Stored records:
+++

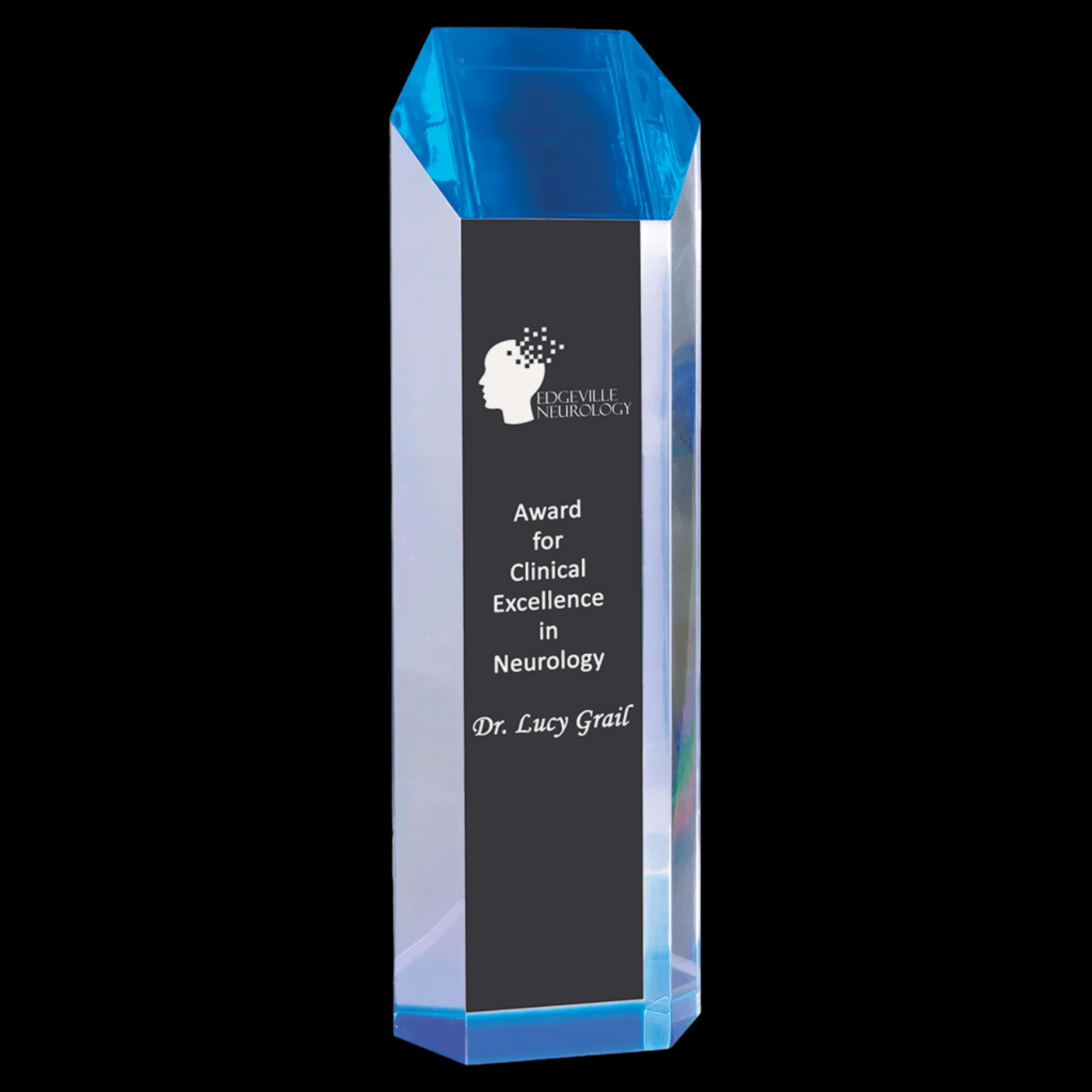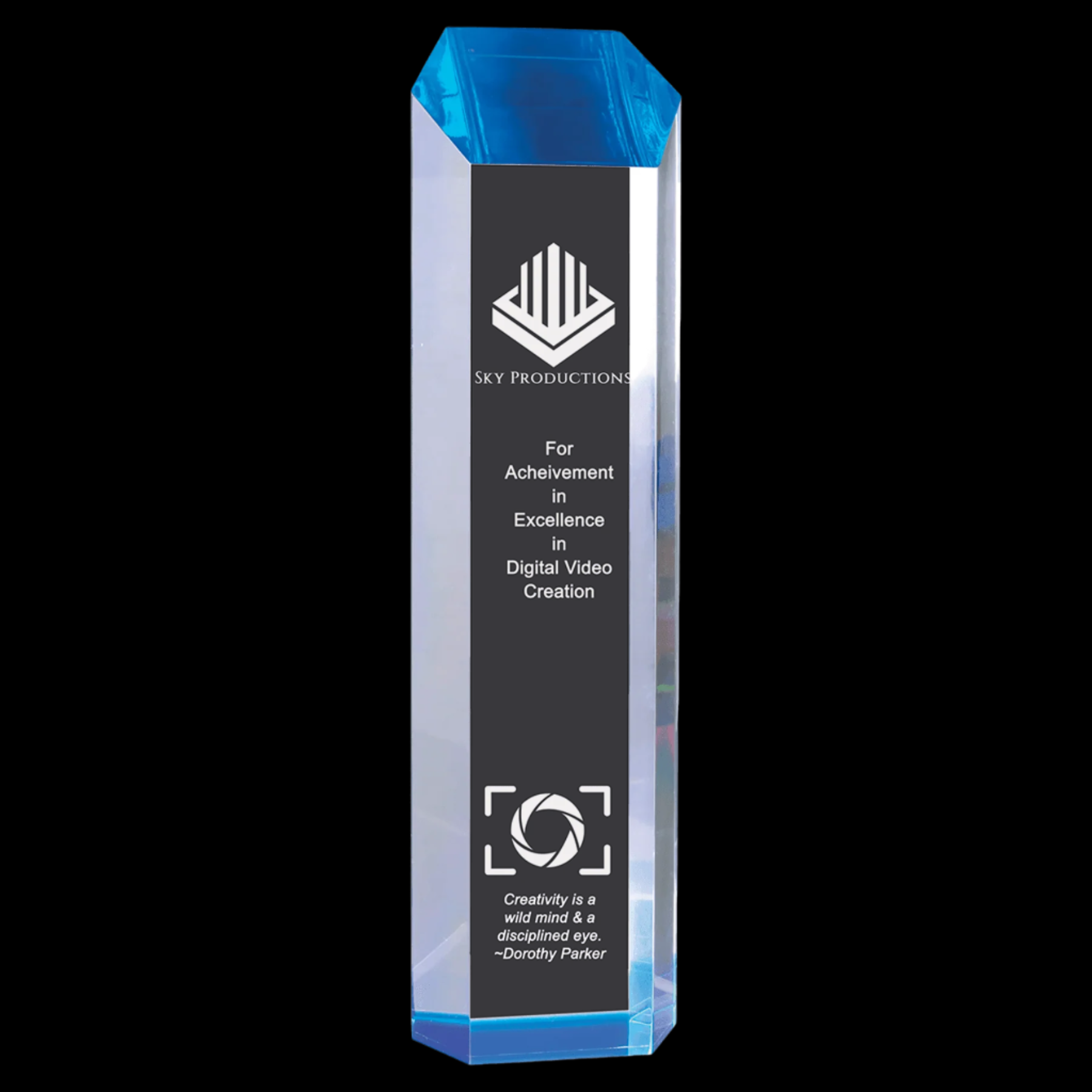 The Blue Tower Acrylic stands 2 inches tall and is designed to be self-supporting, offering a sturdy and reliable display solution. Its compact size makes it ideal for showcasing small items or organizing spaces with a professional touch. Crafted for durability, this acrylic tower combines functionality with a sleek, modern aesthetic.
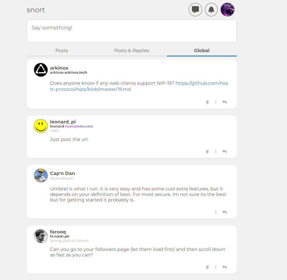 Un ejemplo de ello es Snort, un cliente de Nostr, que emula la interfaz y experiencia de usuario de Twitter. Su funcionamiento es muy básico: el usuario crea una cuenta generando sus llaves públicas y privadas (o bien se conecta utilizando unas ya generadas), y comienza a interactuar con demás usuarios dentro de su red. Este es básicamente la forma de funcionar de todos los clientes en Nostr.
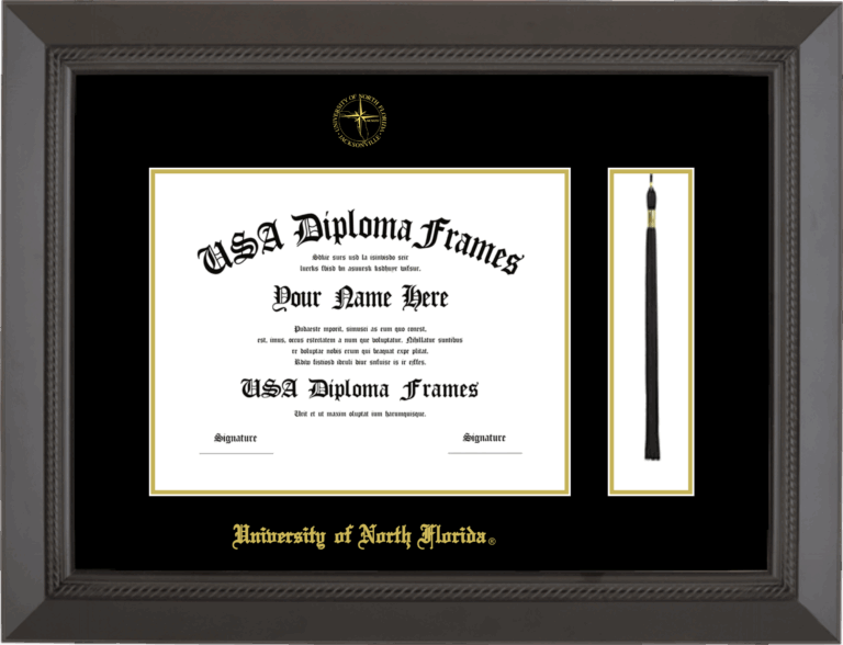 University of North Florida Diploma Frame with Tassel – Bachelors 8.5×11 – Black Rope – Black and Gold Mat
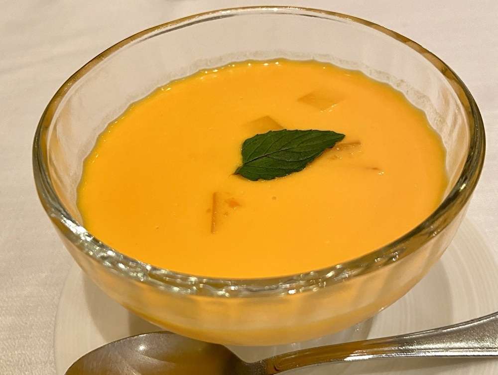 デザートのマンゴープリンは、ちょっとヒリヒリしている口の中を中和してくれる程よい甘味。
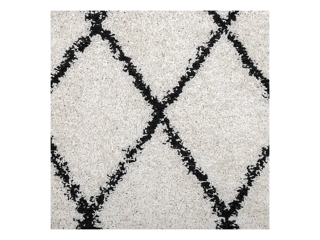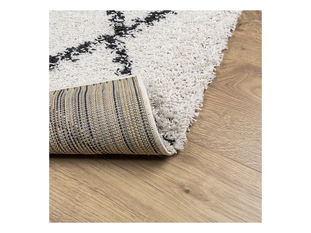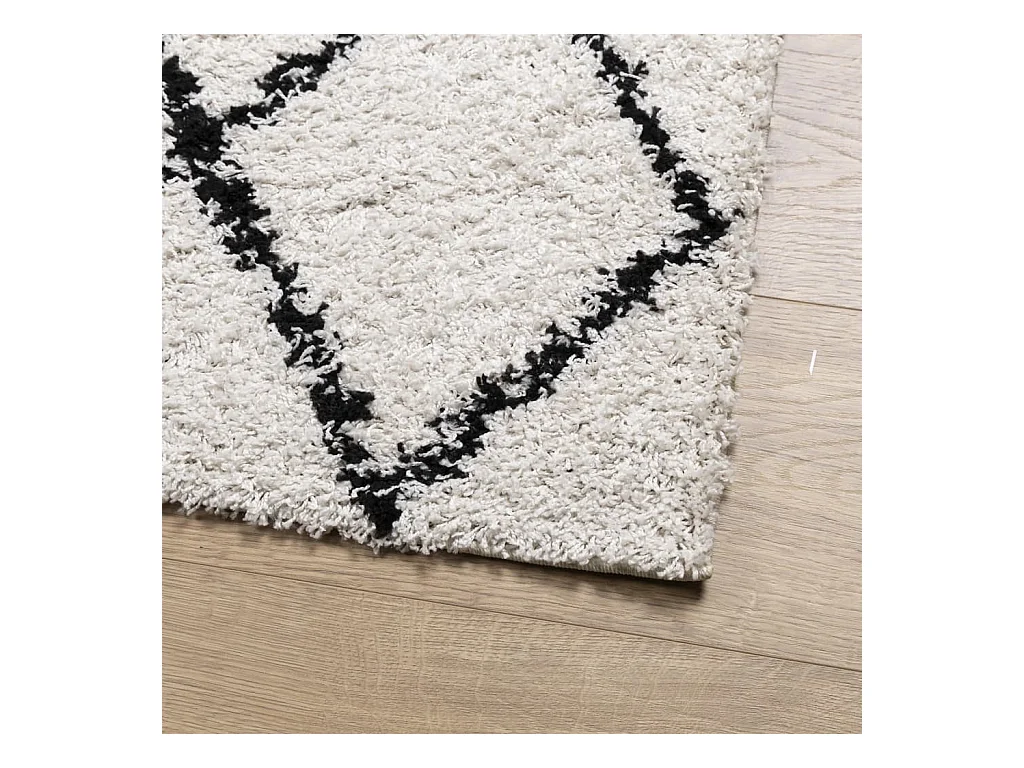 Tapis shaggy à poils longs moderne crème et noir 100x200 cm
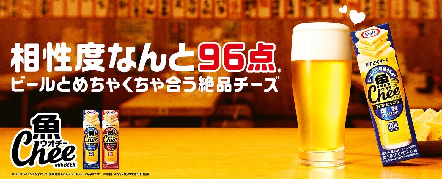 ビールとの相性96点 ※1ビールと合わせるために生まれたひとくちサイズの切れてるチーズ「クラフト 魚Chee(ウオチー)」発売1ヶ月で100万個突破(計画比240%超 ※2の好調!
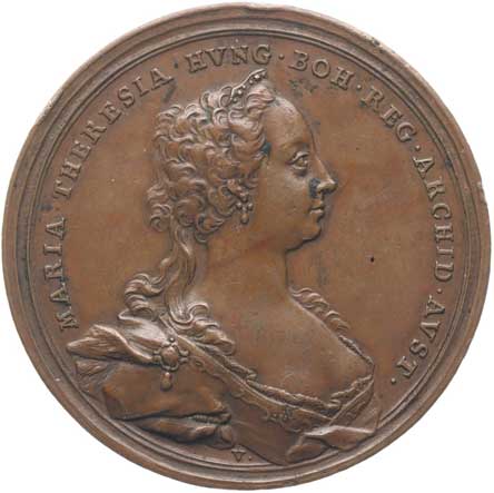 Portrét Marie Terezie, opis / princ mezi dvěma stojícími alegorickými postavami, 3řádk.nápis, opis, Sign.V, Bronz 44 mm, 29.37 g, Wu.5999, Wel.7848 R! |
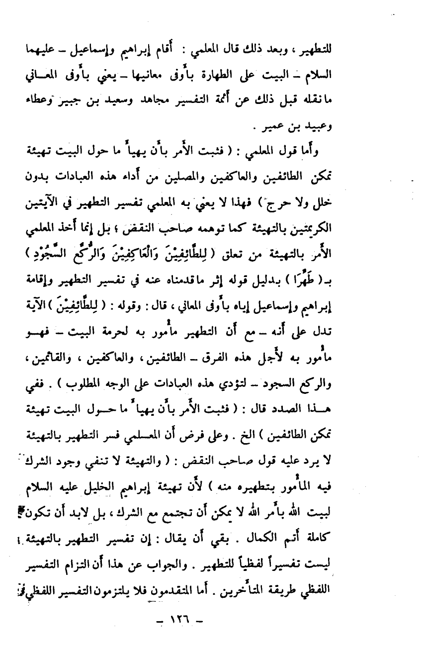 وأما قول المعلمي: (فثبت الأمر بأن يهيأ ما حول البيت تهيئة تمكن الطائفين والعاكفين والمصلين من أداء هذه العبادات بدون خلل ولا حرج) فهذا لا يعني به المعلمي تفسير التطهير في الآيتين الكريمتين بالتهيئة كما توهمه صاحب النقض؛ بل إنما أخذ المعلمي الأمر بالتهيئة كما توهمه صاحب النقض؛ بل إنما أخذ المعلمي الأمر بالتهيئة من تعلق (للطائفين والعاكفين والركع السجود) بـ (طهرا) بدليل قوله إثر ما قدمناه عنه في تفسير التطهير وإقامة إبراهيم وإسماعيل إياه بأوفى المعاني، قال: وقوله: (للطائفين) الآية تدل على أنه - مع أن التطهير مأمور به لحرمة البيت - فهو مأمور به لأجل هذه الفرق - الطائفين، والعاكفين، والقائمين، والركع السجود - لتؤدي هذه العبادات على الوجه المطلوب) . ففي هذا الصدد قال: (فثبت الأمر أن المعلمي فسر التطهير بالتهيئة لا يرد عليه قول صاحب النقض: (والتهيئة لا تنفي وجود الشرك فيه المأمور بتطهيره منه) لأن تهيئة إبراهيم الخليل عليه السلام لبيت الله بامر الله لا يمكن أن تجتمع مع الشرك، بل لابد أن تكون كاملة أتم الكمال. بقي أن يقال: إن تفسير التطهير بالتهيئة ليست تفسيرًا لفظيًا للتطهير. والجواب عن هذا أن التزام التفسير اللفظي طريقة المتأخرين. أما المتقدمون فلا يلتزمون التفسير اللفظي
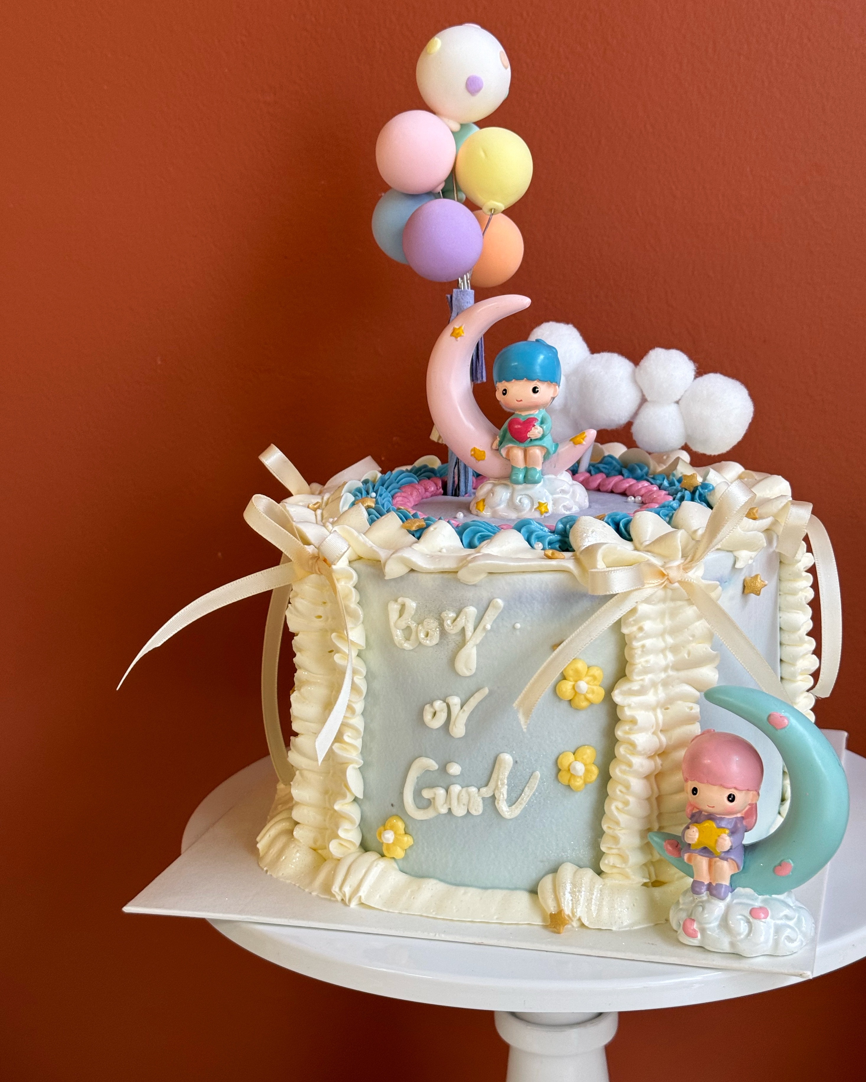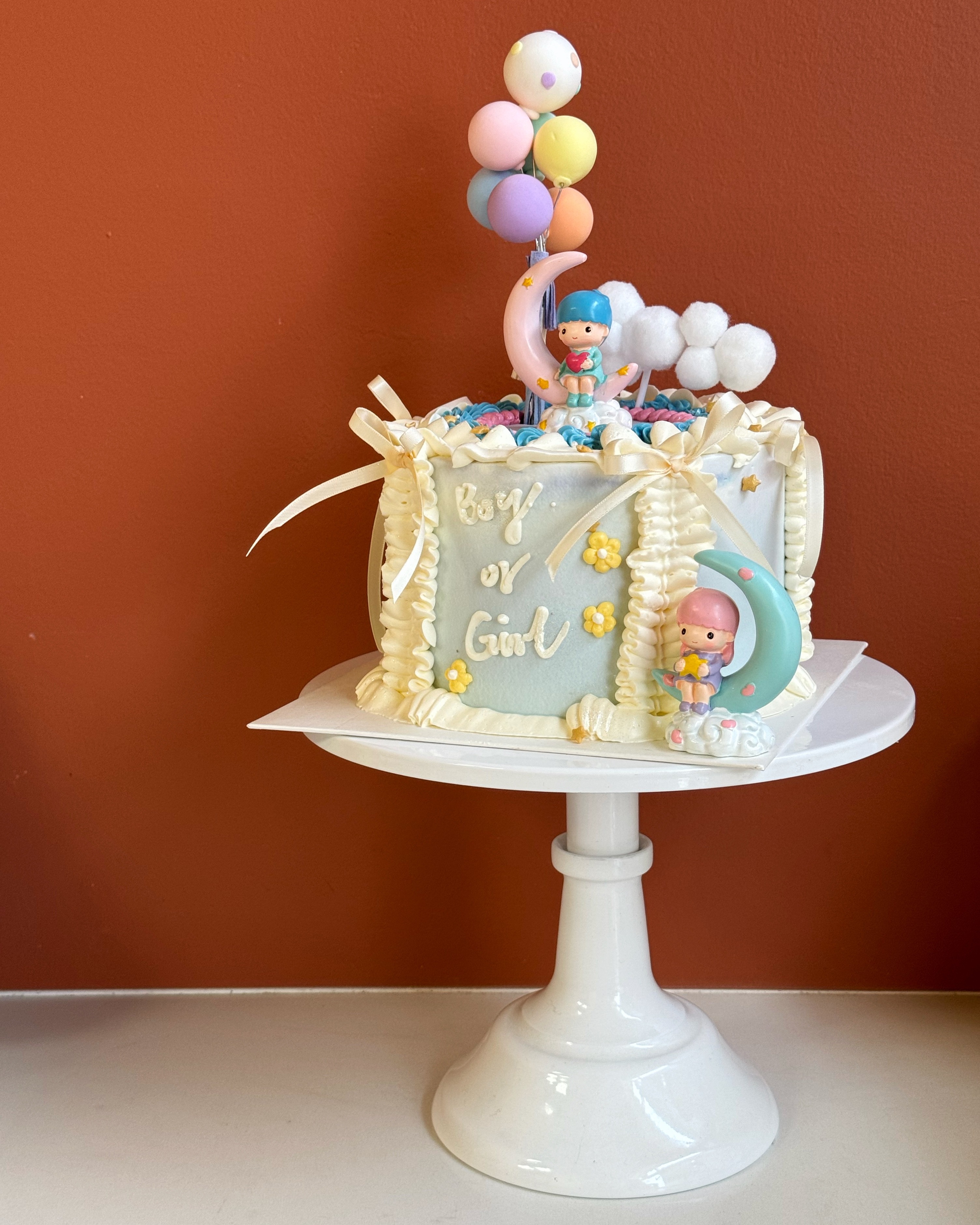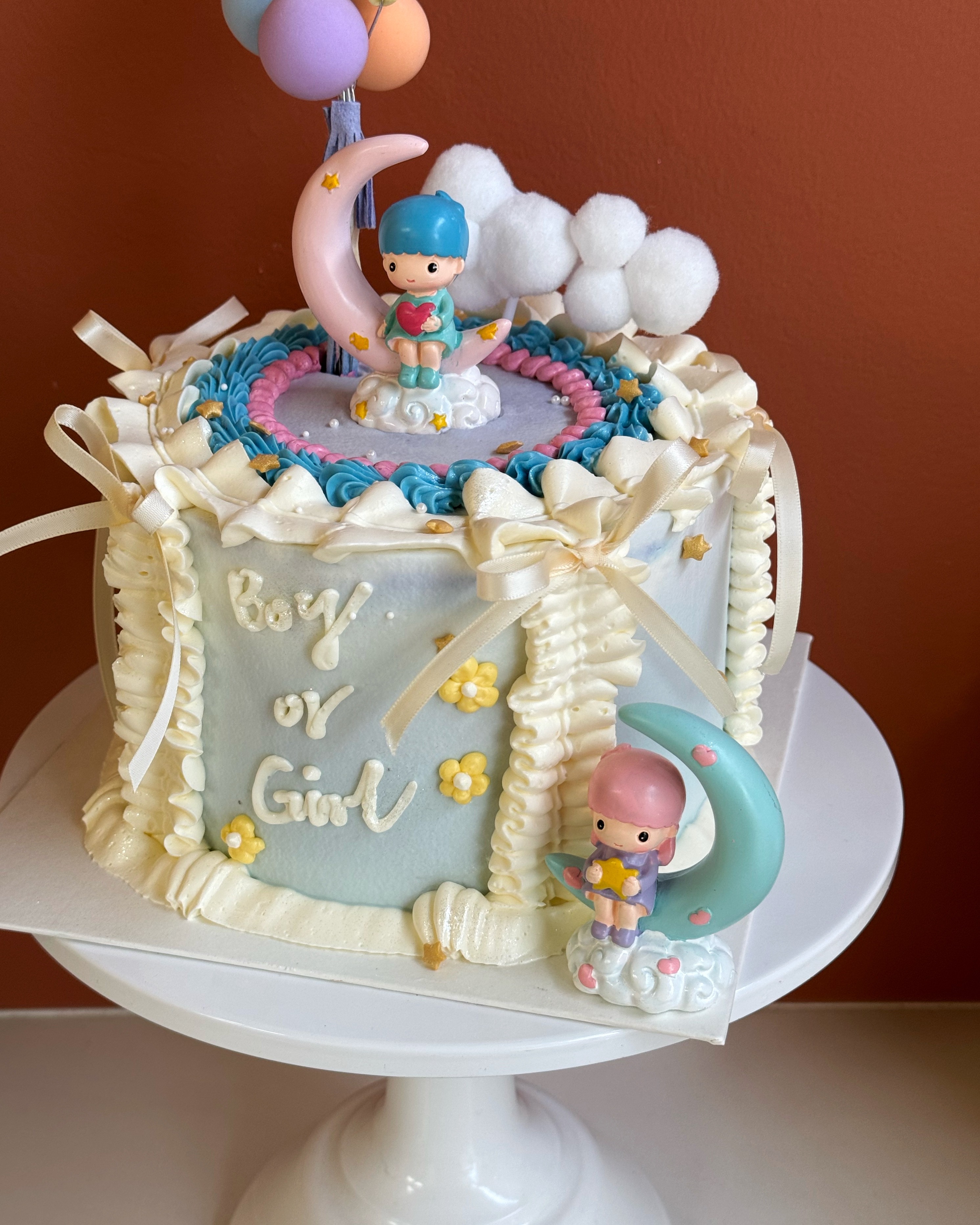 此款蛋糕为鲜奶油蛋糕,侧面裱花和文字为奶油霜成分。 我们会根据您不同尺寸的选择去随机搭配适量的装饰。 注意:由于性别蛋糕需要揭示性别的特殊性,因此将会制作为香草口味夹心。 下单时请选择夹心颜色:女孩为粉色,男孩为蓝色。

+++

TASK INSTRUCTIONS: The result should be a verbatim copy of the data, free of pictures.

SOLUTION:
 The Blue Tower Acrylic stands 2 inches tall and is designed to be self-supporting, offering a sturdy and reliable display solution. Its compact size makes it ideal for showcasing small items or organizing spaces with a professional touch. Crafted for durability, this acrylic tower combines functionality with a sleek, modern aesthetic.
 Un ejemplo de ello es Snort, un cliente de Nostr, que emula la interfaz y experiencia de usuario de Twitter. Su funcionamiento es muy básico: el usuario crea una cuenta generando sus llaves públicas y privadas (o bien se conecta utilizando unas ya generadas), y comienza a interactuar con demás usuarios dentro de su red. Este es básicamente la forma de funcionar de todos los clientes en Nostr.
 University of North Florida Diploma Frame with Tassel – Bachelors 8.5×11 – Black Rope – Black and Gold Mat
 デザートのマンゴープリンは、ちょっとヒリヒリしている口の中を中和してくれる程よい甘味。
 Tapis shaggy à poils longs moderne crème et noir 100x200 cm
 ビールとの相性96点 ※1ビールと合わせるために生まれたひとくちサイズの切れてるチーズ「クラフト 魚Chee(ウオチー)」発売1ヶ月で100万個突破(計画比240%超 ※2の好調!
 Portrét Marie Terezie, opis / princ mezi dvěma stojícími alegorickými postavami, 3řádk.nápis, opis, Sign.V, Bronz 44 mm, 29.37 g, Wu.5999, Wel.7848 R! |
 وأما قول المعلمي: (فثبت الأمر بأن يهيأ ما حول البيت تهيئة تمكن الطائفين والعاكفين والمصلين من أداء هذه العبادات بدون خلل ولا حرج) فهذا لا يعني به المعلمي تفسير التطهير في الآيتين الكريمتين بالتهيئة كما توهمه صاحب النقض؛ بل إنما أخذ المعلمي الأمر بالتهيئة كما توهمه صاحب النقض؛ بل إنما أخذ المعلمي الأمر بالتهيئة من تعلق (للطائفين والعاكفين والركع السجود) بـ (طهرا) بدليل قوله إثر ما قدمناه عنه في تفسير التطهير وإقامة إبراهيم وإسماعيل إياه بأوفى المعاني، قال: وقوله: (للطائفين) الآية تدل على أنه - مع أن التطهير مأمور به لحرمة البيت - فهو مأمور به لأجل هذه الفرق - الطائفين، والعاكفين، والقائمين، والركع السجود - لتؤدي هذه العبادات على الوجه المطلوب) . ففي هذا الصدد قال: (فثبت الأمر أن المعلمي فسر التطهير بالتهيئة لا يرد عليه قول صاحب النقض: (والتهيئة لا تنفي وجود الشرك فيه المأمور بتطهيره منه) لأن تهيئة إبراهيم الخليل عليه السلام لبيت الله بامر الله لا يمكن أن تجتمع مع الشرك، بل لابد أن تكون كاملة أتم الكمال. بقي أن يقال: إن تفسير التطهير بالتهيئة ليست تفسيرًا لفظيًا للتطهير. والجواب عن هذا أن التزام التفسير اللفظي طريقة المتأخرين. أما المتقدمون فلا يلتزمون التفسير اللفظي
 此款蛋糕为鲜奶油蛋糕,侧面裱花和文字为奶油霜成分。 我们会根据您不同尺寸的选择去随机搭配适量的装饰。 注意:由于性别蛋糕需要揭示性别的特殊性,因此将会制作为香草口味夹心。 下单时请选择夹心颜色:女孩为粉色,男孩为蓝色。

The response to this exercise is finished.